• _WHAT IS NEEDED_
In the entries that follow, repeat exactly the lines from the one that has "2月11日消息, 福建莆田一早产儿疑因医院违规接种疫苗致脑出血呼吸衰竭。" through the one that has "1. Меченосец Черный", but omit pictures.
(EXERCISE MATERIAL begins)
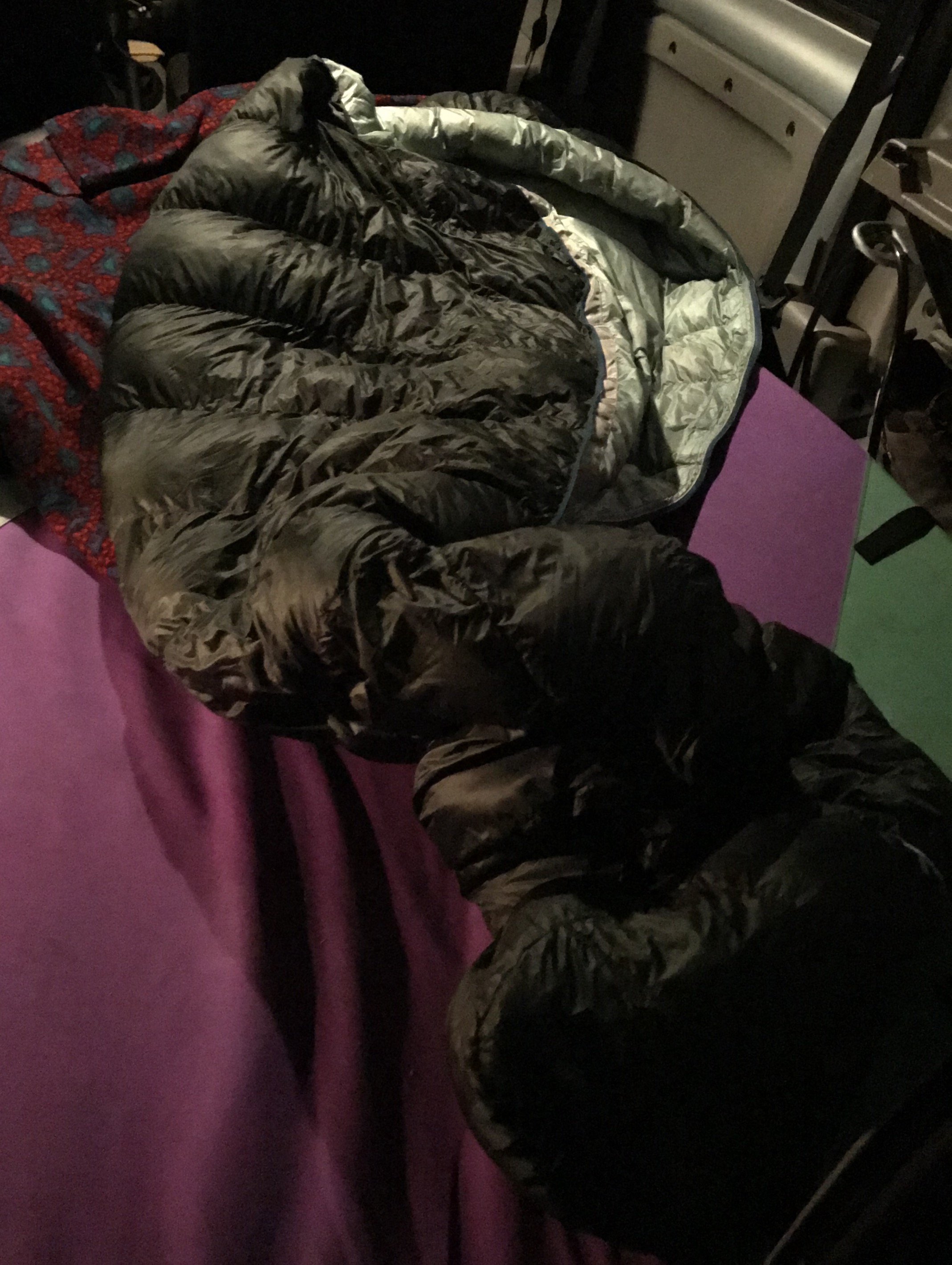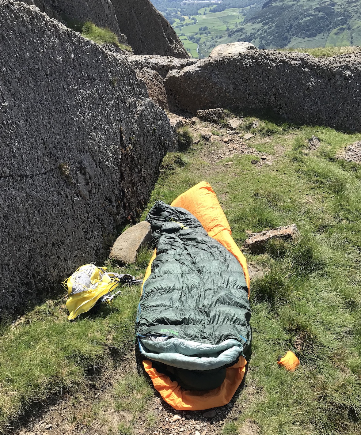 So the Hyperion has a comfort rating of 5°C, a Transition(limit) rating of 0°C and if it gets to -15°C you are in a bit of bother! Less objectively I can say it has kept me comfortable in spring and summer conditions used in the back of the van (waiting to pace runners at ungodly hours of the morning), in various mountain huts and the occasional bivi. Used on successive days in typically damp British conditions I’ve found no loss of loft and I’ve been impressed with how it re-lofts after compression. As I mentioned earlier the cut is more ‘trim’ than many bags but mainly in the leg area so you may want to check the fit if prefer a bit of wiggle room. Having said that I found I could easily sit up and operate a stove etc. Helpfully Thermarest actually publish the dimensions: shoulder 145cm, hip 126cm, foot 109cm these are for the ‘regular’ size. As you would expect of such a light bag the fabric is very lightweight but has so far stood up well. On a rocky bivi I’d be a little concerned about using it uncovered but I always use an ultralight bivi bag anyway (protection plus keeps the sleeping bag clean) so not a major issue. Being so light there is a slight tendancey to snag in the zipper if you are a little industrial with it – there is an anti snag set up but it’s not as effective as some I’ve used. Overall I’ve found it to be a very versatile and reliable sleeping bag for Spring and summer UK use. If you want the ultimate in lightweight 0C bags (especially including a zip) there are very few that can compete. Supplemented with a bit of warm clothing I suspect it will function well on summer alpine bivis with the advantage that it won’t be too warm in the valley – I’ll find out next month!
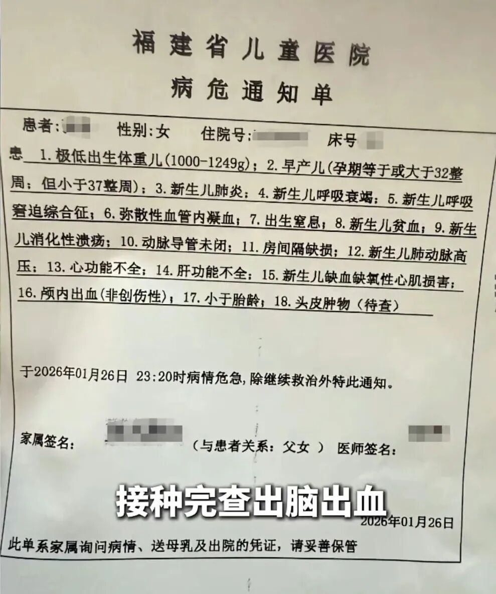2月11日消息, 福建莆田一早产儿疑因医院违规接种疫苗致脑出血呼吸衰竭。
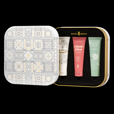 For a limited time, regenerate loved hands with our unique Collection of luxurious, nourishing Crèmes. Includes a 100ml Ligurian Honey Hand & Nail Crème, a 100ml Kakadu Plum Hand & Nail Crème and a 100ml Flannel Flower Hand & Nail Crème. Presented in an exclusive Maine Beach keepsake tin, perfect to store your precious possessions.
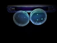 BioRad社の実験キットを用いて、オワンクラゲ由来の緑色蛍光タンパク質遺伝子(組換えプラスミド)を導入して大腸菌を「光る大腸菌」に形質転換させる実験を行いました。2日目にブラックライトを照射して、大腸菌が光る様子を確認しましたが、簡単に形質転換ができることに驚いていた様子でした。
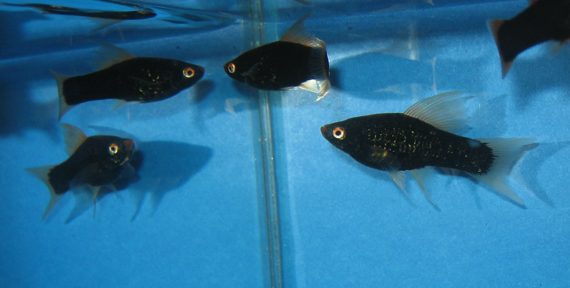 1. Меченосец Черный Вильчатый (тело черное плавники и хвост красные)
(EXERCISE MATERIAL ends)
(EXERCISE MATERIAL begins)
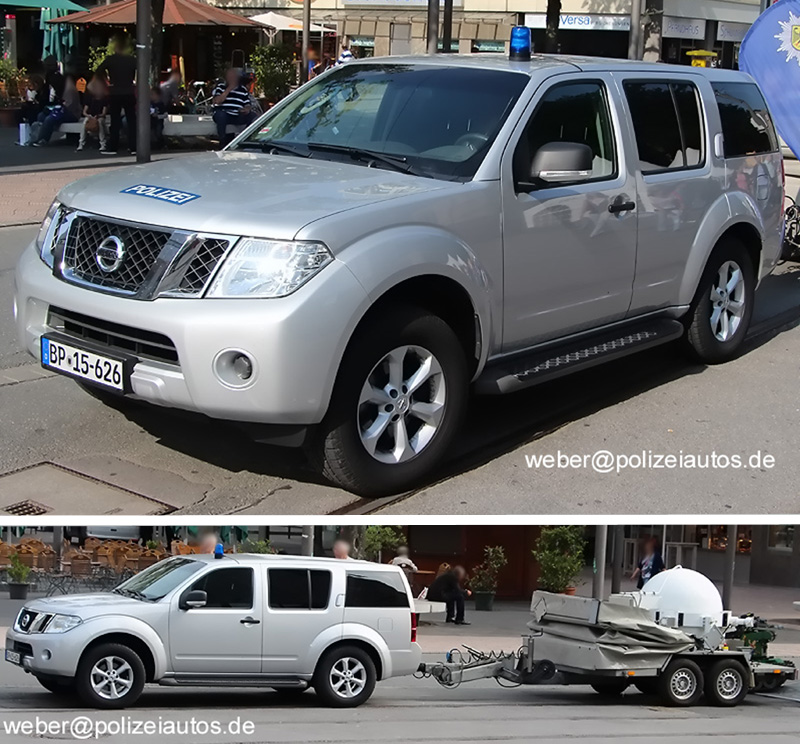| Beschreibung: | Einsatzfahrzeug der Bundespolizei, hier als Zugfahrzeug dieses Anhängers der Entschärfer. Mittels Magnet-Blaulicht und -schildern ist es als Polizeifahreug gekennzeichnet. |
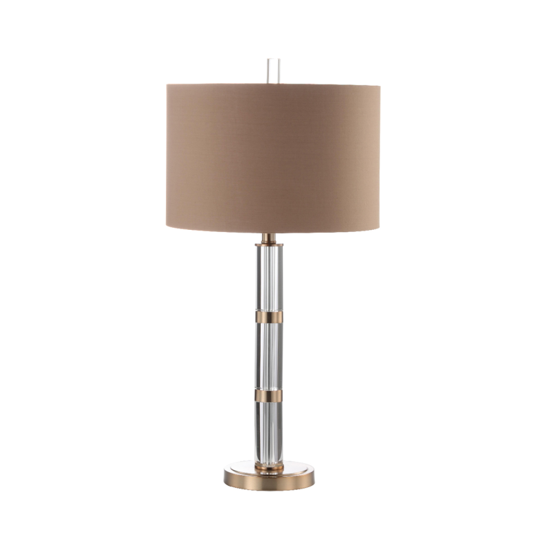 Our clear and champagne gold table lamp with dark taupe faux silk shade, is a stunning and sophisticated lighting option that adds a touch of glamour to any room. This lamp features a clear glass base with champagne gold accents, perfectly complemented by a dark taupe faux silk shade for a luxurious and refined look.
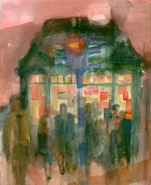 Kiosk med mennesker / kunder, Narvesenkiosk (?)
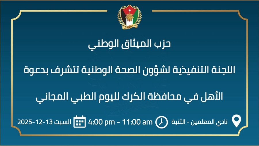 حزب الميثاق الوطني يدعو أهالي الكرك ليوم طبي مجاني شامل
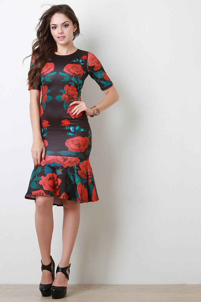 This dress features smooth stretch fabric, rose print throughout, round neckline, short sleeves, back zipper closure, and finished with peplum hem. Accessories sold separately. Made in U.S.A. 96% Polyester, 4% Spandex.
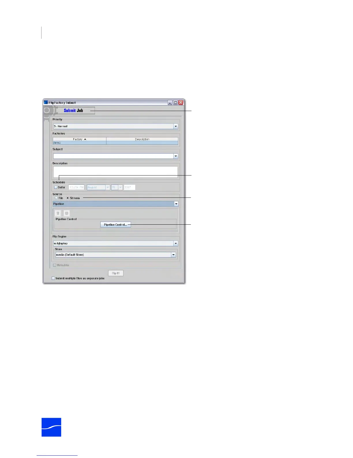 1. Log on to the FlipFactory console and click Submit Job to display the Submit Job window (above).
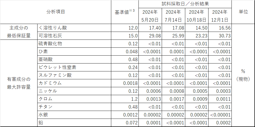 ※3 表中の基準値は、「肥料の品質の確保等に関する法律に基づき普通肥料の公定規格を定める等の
(EXERCISE MATERIAL ends)
• _ANSWER BOX_
2月11日消息, 福建莆田一早产儿疑因医院违规接种疫苗致脑出血呼吸衰竭。
 For a limited time, regenerate loved hands with our unique Collection of luxurious, nourishing Crèmes. Includes a 100ml Ligurian Honey Hand & Nail Crème, a 100ml Kakadu Plum Hand & Nail Crème and a 100ml Flannel Flower Hand & Nail Crème. Presented in an exclusive Maine Beach keepsake tin, perfect to store your precious possessions.
 BioRad社の実験キットを用いて、オワンクラゲ由来の緑色蛍光タンパク質遺伝子(組換えプラスミド)を導入して大腸菌を「光る大腸菌」に形質転換させる実験を行いました。2日目にブラックライトを照射して、大腸菌が光る様子を確認しましたが、簡単に形質転換ができることに驚いていた様子でした。
 1. Меченосец Черный Вильчатый (тело черное плавники и хвост красные)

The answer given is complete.